Размер шрифта
-
+

Клудж. Книги. Люди. Путешествия - стр. 25


Чтобы понять Эфиопию, нужно быть не лингвистом, не историком и не антропологом, а математиком. Кто еще может понять, как взаимодействуют между собой все эти аксумские стелы, лалибельские траншеи, фрески танских монастырей и гондэрские цитадели? Никакого общего знаменателя, стилистического или идеологического, не обнаруживается. Нет никаких оснований – кроме географической близости – утверждать, что это артефакты родственных друг другу культур. Стили здесь не прогрессируют, метаморфозы – необъяснимы, проследить наращивание цивилизационных характеристик невозможно. Одно просто заменяется совершенно другим – и кому могло взбрести в голову заменить это именно на то? Происходит обвал (театральный, как будто пыльные декорации вдруг рушатся) представлений об исторической преемственности. Артефакты, которыми набита Эфиопия, ломают исторически ясную картину мира: сначала Египет, потом Греция, потом Рим, потом Средние века… Ну да, а теперь попробуйте интегрировать в эту знакомую стрелу времени Эфиопию. Она и с Египтом-то не координируется. Как могли египтяне не подняться по Нилу, а эфиопы – не спуститься? Чтоб из пункта «Э» никто не вышел в пункт «Е» и наоборот, при том что единственная реальная дорога на этом участке – река, соединяющая «Э» и «Е»! Однако данных о контактах Луксора с Аксумом, по сути, нет.

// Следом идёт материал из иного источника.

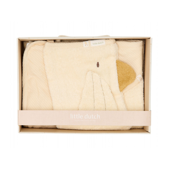 Dárková sada z kolekce Little Dutch Newborn Naturals obsahuje osušku s kapucí a žínku z jemné organické bavlny v krásném designovém provedení. Je ideální pro každodenní péči o miminko i jako stylový dárek k narození dítěte. Součástí sady je žínka ve tvaru husy a osuška s vyšitým motivem husy Vyrobeno ze 100% organické bavlny, která je mimořádně měkká, savá a šetrná k dětské pokožce Praktická osuška s kapucí rychle zahřeje po koupeli a zajistí miminku pohodlí miminku Hebká žínka je perfektní pro jemné mytí i zábavu při koupání Stylové dárkové balení - krabička je nejen krásná, ale i praktická a skvěle poslouží pro uchování vzpomínek z prvních let života dítěte Složení: 100% organická bavlna Rozměry: ssuška 75 × 75 cm, žínka: 14 × 21 cm
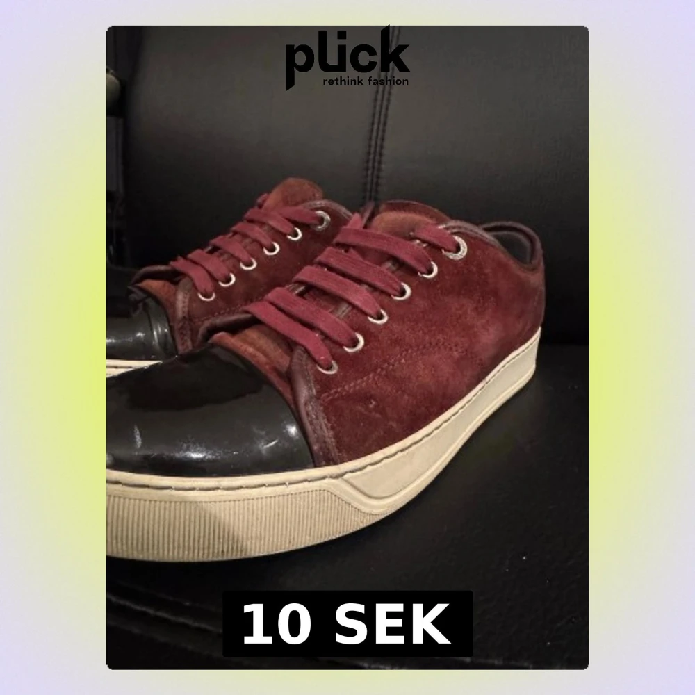 Snygga vinröda sneakers med ovandel i mocka och matchande vinröda skosnören. Skorna har en unik svart lackad tå och vit sula med beige inslag. Metallfärgade öljetter ger en extra detalj. Perfekta för dig som vill sticka ut med din stil.

Чтобы проникнуть на территорию гор Симиен, надо зарегистрироваться; полистав на КПП журнал посетителей, понимаю, что я здесь первый русский за месяцы, а может, и больше: терпения не хватило пальцем по строчкам водить. А ведь еще совсем недавно Эфиопия кишела русскими. В начале XX века Абиссиния сделалась в России чем-то вроде модного поветрия, декадентской легенды. Соткался миф о «наших черных единоверцах», появились исследования об эфиопских корнях национального гения – Пушкина, вспомнили, что Ломоносов якобы получил звание академика за составленную им грамматику амхарского языка, пошли разговоры о признаках духовного родства (ортодоксия, империя, мессианские амбиции, комплекс избранничества, претензии на Небесный Иерусалим); признаки находили в чем угодно, возникла даже эксцентричная теория о сходстве амхарского алфавита с глаголицей. Африканским анклавом православия заинтересовались сначала частные лица, а затем и государство. Записок о русских экспедициях в Эфиопию так много, и они так разнообразны, что можно подумать, те отправлялись туда по какому-то расписанию с пугающей регулярностью. Появились русские, один эксцентричнее другого, которые переезжали в Эфиопию и становились еще большими эфиопами, чем туземцы. Эфиопия стала восприниматься как своего рода вторая Россия, запасный выход, какая-то наша древняя союзница – и, как знать, потенциальный плацдарм в Африке. Русские собирали здесь этнографические коллекции, помогали воевать против итальянцев, строили университеты и НПЗ. Факт: ни одна экзотическая страна в мире так не магнетизировала русских, как Эфиопия, и ни одна нация (включая португальцев, англичан и итальянцев) так плотно не интересовалась Эфиопией, как русские. Русские никогда не претендовали на то, чтобы колонизировать эту часть Африки, но все время что-то здесь искали.